Winding number in higher dimensions I am searching for references about the generalization in higher dimensions of the winding number (or "engulfing number") of a (hyper)surface $S$ around a point $p$, especially the identity of :


*

*(a) the number of times the curve/surface/hypersurface winds around the point $p$ (that is, if I understand correctly, $\pi_{n-1}(\mathbb{R}^{n} - p) = \pi_{n-1}(S^{n-1})=\mathbb{Z}$)

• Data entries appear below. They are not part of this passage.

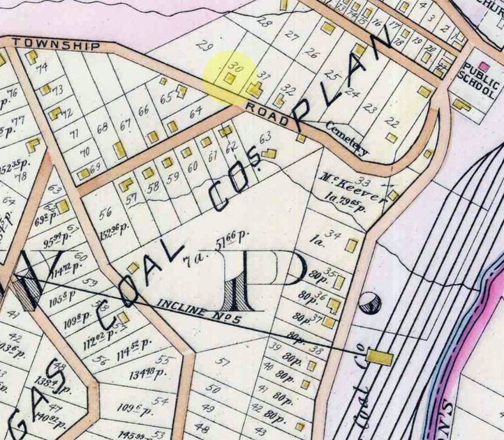 Detail from a 1903 plat map of Wilkins Township, Allegheny, Pennsylvania showing the location of the Albert and Mary Pohl family homestead, highlighted. The area was also known as #3 Hill. It is in the New York and Cleveland Gas Coal Company plan of lots. What is today known as Harrison Road was then known as Township Road.
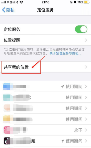 3、定位服务的操作页面,再点击进入“共享我的位置”。如下图所示:
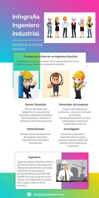 Capaz de diseñar, rediseñar, montar y administrar sistemas de produccion, Mejorar funcionamientos o procesos especificos de empresas de produccion bienes o servicios. Me identifico en este campo de accion debido a mis habilidades y el gusto por la mejora continua de los procesos
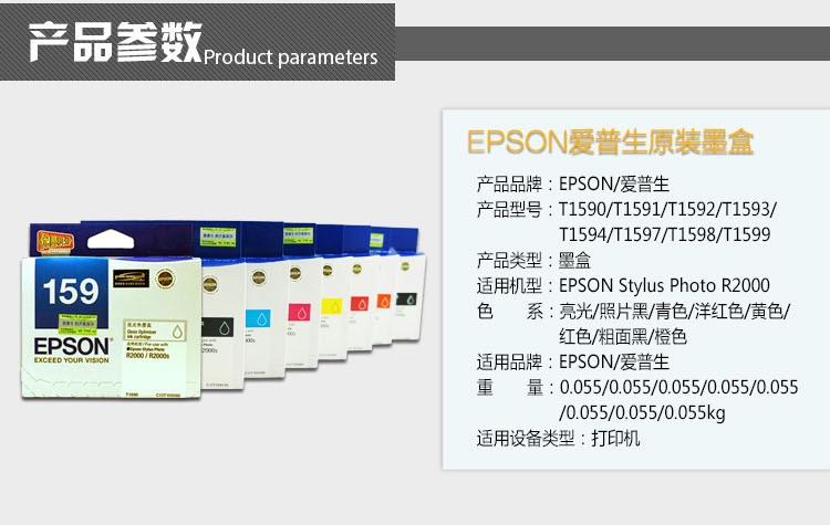 • 商品名稱:愛(ài)普生(EPSON)T1590/T1599墨盒適合R2000 R2000S打印機(jī) T1593洋紅色墨盒

*(b) the number of signed intersections or any ray from $p$ and the surface $S$

*(c) the flux through $S$ of the "electric" field of a point charge located in $p$


The identity of those numbers is intuitive, but I would like to know if it can be proved.
This answer and this one are related (but provide no reference), and I have found some exercises about that in William Fulton's Algebraic Topology, but nothing where the different points of view (a), (b) and (c) are linked (even in two dimensions).
Thanks.
 A: You want homology, or better yet, cohomology. Gauss's Law is based on (the vector field equivalent of the unique closed-but-not-exact $(n-1)$-form on $\mathbb R^n -\{0\}$. For (b), you want the Degree Theorem — see Guillemin and Pollack. 
A: I'll follow an algebraic approach here, and make reference to Hatcher's "Algebraic Topology", available at http://www.math.cornell.edu/~hatcher/AT/ATpage.html.
Given a map $f : S^{n-1} \to S^{n-1} \simeq R^n - p$, we can, as you say, measure its winding number as the homotopy class $[f] \in \pi_{n-1}(S^n-1) \cong \mathbb{Z}$, but we'll have to adapt this a bit for general hypersurfaces rather than spheres. We can compute the same number with the induced map $f_* : \pi_{n-1}(S^{n-1}) \to \pi_{n-1}(S^{n-1})$, as this is a linear map $\mathbb{Z} \to \mathbb{Z}$, which is just multiplication by some integer. This integer is the same winding number, just from thinking through definitions. We could compute similarly in homology, with $f_* : H_{n-1}(S^{n-1}) \to H_{n-1}(S^{n-1})$ again being multiplication by the very same winding number, by the Hurewicz theorem relating homotopy and homology groups (see Hatcher Sec. 4.2).
Homology is convenient, because a general (compact, oriented) $(n-1)$-manifold still has $H_{n-1}(M) \cong \mathbb{Z}$. So with an $(n-1)$-manifold $M$ and a map $f : M \to \mathbb{R}^n - p \simeq S^{n-1}$, the induced map $f_* : H_{n-1}(M) \to H_{n-1}(S^{n-1})$ is again a map $\mathbb{Z} \to \mathbb{Z}$ (after a choice of generators, i.e. orientations), which is multiplication by an integer, which is our generalized winding number. We could use the induced map in cohomology equally well (by the Universal Coefficient Theorem, Hatcher thm. 3.2, or similar).
Note that we could also replace the target $S^{n-1}$ by a different $(n-1)$-manifold. In this generality, the number that we're computing is usually called the "degree" of the map $f$. These definitions appear in Hatcher, at the start of section 2.2 for spheres, and then in the exercises for more general manifolds.
For a "typical" point in the target $S^{n-1}$, the preimage consists of finitely many points in $M$. This amounts to intersecting $M \subset \mathbb{R}^n - p$ with a ray from $p$. Hatcher shows in Prop. 2.30 that the degree can be computed as a sum of signs associated to these points, and we can compute these signs from induced maps on local homology, which amounts to thinking about orientation. So we've bridged (a) and (b) from your question.
I'll be a bit brief on (c), but as we can compute degree through cohomology, we can in particular compute with differential forms by using De Rham cohomology. As I understand it, the electric field determines a dual $(n-1)$-form, which happens to generate $H_{dR}^{n-1}(\mathbb{R}-p)$. We pull this back along $f$ to the manifold $M$, and look at what multiple of the chosen generator (volume form) in $H_{dR}^{n-1}(M)$ it determines, which we compute by integrating. This computes the induced map $f^*$ on cohomology. I imagine that Guillemin and Pollack is a decent reference, though I don't have it on hand.